# The AAM social media survey



## micmclo (23 Mar 2012)

Oh I'm not looking for all your info 
Lets just see what people are on

*Facebook:* Yes, but it just has my name and DOB, that's all. I only signed up to see a sports team fan page. I've never accepted a friend or _liked_ anything, just blank
*Twitter:* Yes, asking sports journalists questions mainly, love twitter and checking it constantly
*Linkedin*: Yes but it's about six months since I logged in and looked at it and my profile isn't complete.

That's all I know, maybe there are others?


----------



## One (23 Mar 2012)

*Facebook:* I was on it all the time for months, and now never bother with it.


----------



## callybags (23 Mar 2012)

I have signed up for all three, but don't find use for any of them.

It's good excercise deleting all the emailed notifications, though.


----------



## csirl (23 Mar 2012)

Have never used any of them.


----------



## truthseeker (23 Mar 2012)

Just Facebook - have the privacy locked down tight, youd never find me!

Dont understand what Twitter is about, dont want to be on LinkedIn.

I try to keep my internet footprint minimal and anonymous.


----------



## TarfHead (23 Mar 2012)

*Facebook:* Yes
*Twitter:* Yes
*Linkedin*: Yes


----------



## ninsaga (23 Mar 2012)

Facebook: No - couldn't be arsed
Twitter: No- likewise
Linkedin: Yes - every few days


----------



## Firefly (23 Mar 2012)

None for me



ninsaga said:


> Facebook: No - couldn't be arsed
> Twitter: No- likewise
> Linkedin: Yes - every few days


 
Hi ninsaga,

I thought linkedin was a pretty static offerring where you primarily keep an online cv.

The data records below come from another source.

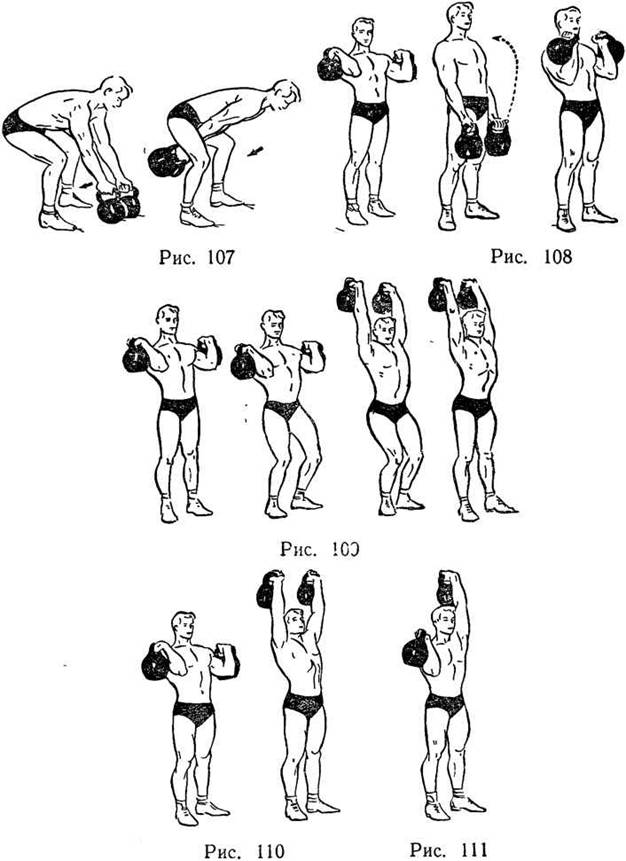 Упражнение 24 (рис. 107) для мышц спины, ног и рук. Подъем двух гирь к плечам махом.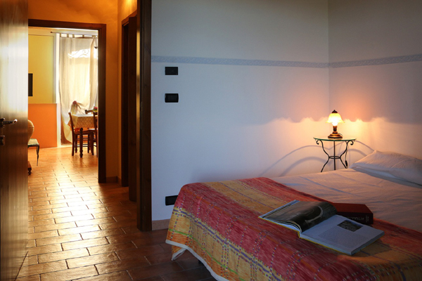 It is at the first floor and covers nearly 70 mq, for five or six beds. "Tramonto" is composed of living room with double sofa bed, kitchenette, fridge, microwave, bathroom with shower and bidet, double bedroom and triple bedroom with single bed. Moreover, at the guests disposal a private area in the garden where to prepare meals surrounded by the nature.
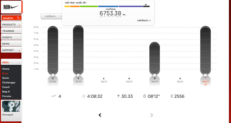เช้าวันพฤหัสจึงยังไม่กล้าออกวิ่งเต็มระยะทาง เกรงว่าขาจะไปไม่รอด จึงปรับลดแผนการวิ่งลง เสร็จแล้วก็มีคำเตือนว่าเจ้าเซนเซอร์ในรองเท้าใกล้ถึงเวลาหมดไฟ นี่มันอะไรกัน ยังใช้งานไม่ถึงสองร้อยชั่วโมงเลยด้วยซ้ำ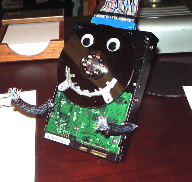 Me llevó el coche aparte, expulsó el rodamiento que tiene el plato en y vuelto a montar el plato en el lado opuesto para dar el "virus" de cierta profundidad. Añadir ojos saltones y utiliza una porción del anillo que sujeta el ventilador del procesador en su lugar para la boca. El cable original se convirtió en el pelo y los brazos.
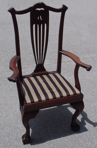 PAIR OF CHIPPENDALE STYLE MAHOGANY ARM CHAIRS: Pierced splats, shaped top rail, scrolled arm holds, ball and claw feet. Approx. 44''h, x 28'' x 17''.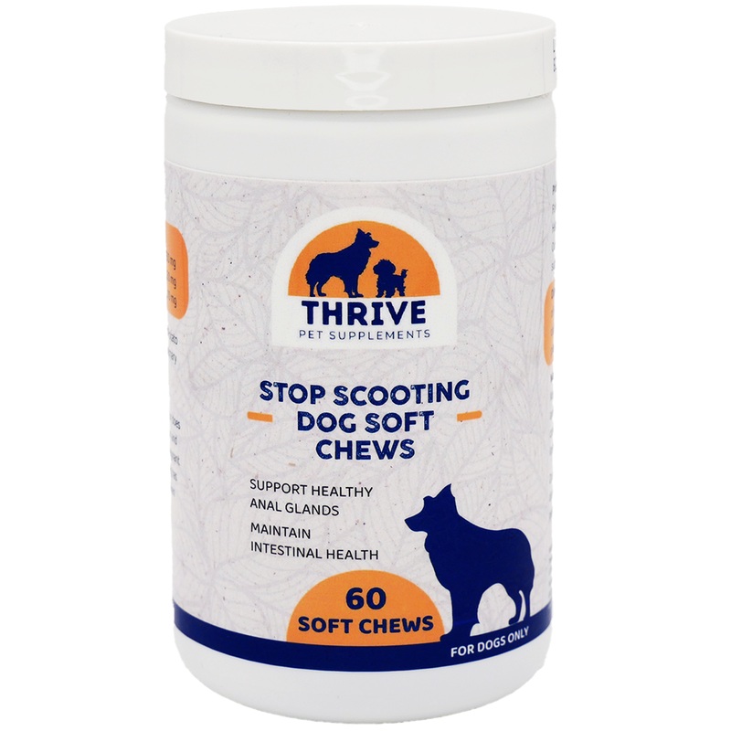 Say goodbye to awkward scooting and support your dogs digestive comfort with Thrives Stop Scooting Soft Chews. Specially formulated with a targeted blend of natural fiber sources, these daily chews help promote healthy anal gland function and normal bowel movements in dogs over 12 weeks old.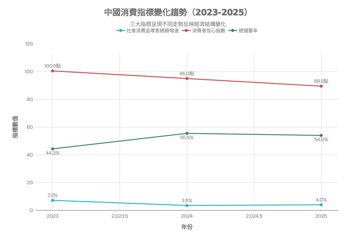 消費者信心指數自2022年4月降至100以下後,一直未能恢復到中性水平以上。2025年10月該指數僅為89.4點,遠低於1990-2025年期間108.77點的歷史平均值,與2021年2月創下的127點歷史高位相差甚遠。這反映出民眾對未來收入和經濟前景缺乏信心。

Apart from recruiters, how would you use it every few days?


----------



## fobs (23 Mar 2012)

FAcebook: Yes... Very handy since my brother moved to Canada to keep in touch and share photos....
Twitter : No
Linkedin: no


----------



## RonanC (23 Mar 2012)

Facebook - Yes, 3 different accounts. My own personal one, and two local community ones that I am admin of. 
Twitter - Yes, but never tweet. Mainly used to read news from journo's and some sports stars..
Linkedin - No interest


----------



## Purple (23 Mar 2012)

Facebook - Yes, I looked at it a few times a few years ago when I created an account but that's it.
Twitter - No
Linkedin - Yes but profile is incomplete and only look at it a few times a year.


----------



## micmclo (23 Mar 2012)

truthseeker said:


> Dont understand what Twitter is about



I used to be like that but give it a chance

You get out of it what you put in

Many follow z list celebrities tweeting about going to the bathroom and what they had for breakfast and then think that's all there is. And so twitter gets dismissed

Everyone has an interest in something and whatever it is, just find the best people to follow


----------



## TarfHead (23 Mar 2012)

micmclo said:


> Many follow z list celebrities tweeting about going to the bathroom and what they had for breakfast and then think that's all there is. And so twitter gets dismissed


 
+1

It's a common criticism of Twitter that "_I'm not interested in knowing that some Kardashian is eating a cupcake_". Which is fair enough. If you found yourself overhearing a conversation in work or at the pub about the whole Kardashian cupcake situation, you'd tune out too.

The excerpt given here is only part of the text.